[Input data]
'''
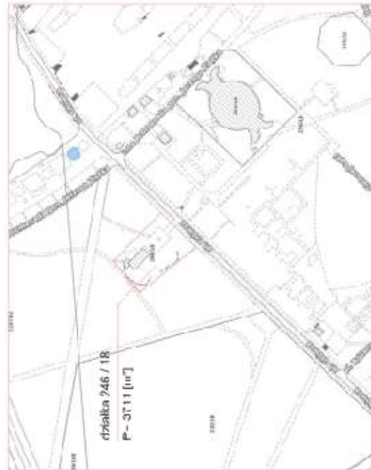
LOKALIZACJA W PLANIE PARKU
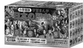
小学館版学習まんが日本の歴史20巻セット/史実 に忠実に・つながる年表、図解がいっぱい。
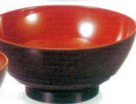
⑫ 1-190-12 3.8寸筋入椀 黒内朱 [F-68] 115φ×54(300)320ml 47g ¥600
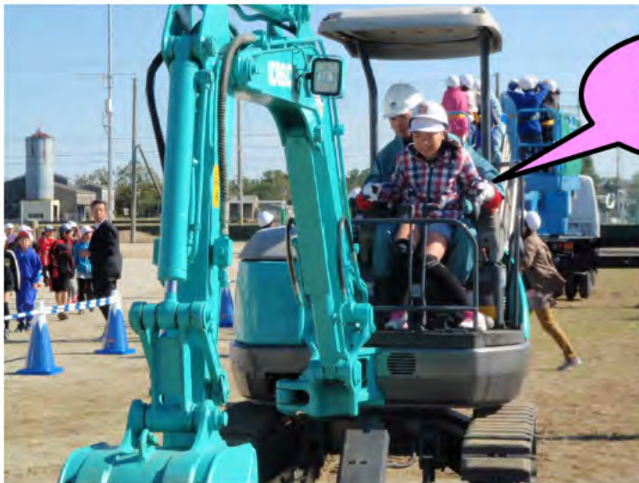
② ショベルカーに試乗しました
'''
[What you need to do] Lines from the one that holds "⑫ 1-190-12 3.8寸筋入椀" through the final line of the material are to be duplicated exactly; no pictures belong in the copy.

[Written reply]
⑫ 1-190-12 3.8寸筋入椀 黒内朱 [F-68] 115φ×54(300)320ml 47g ¥600
② ショベルカーに試乗しました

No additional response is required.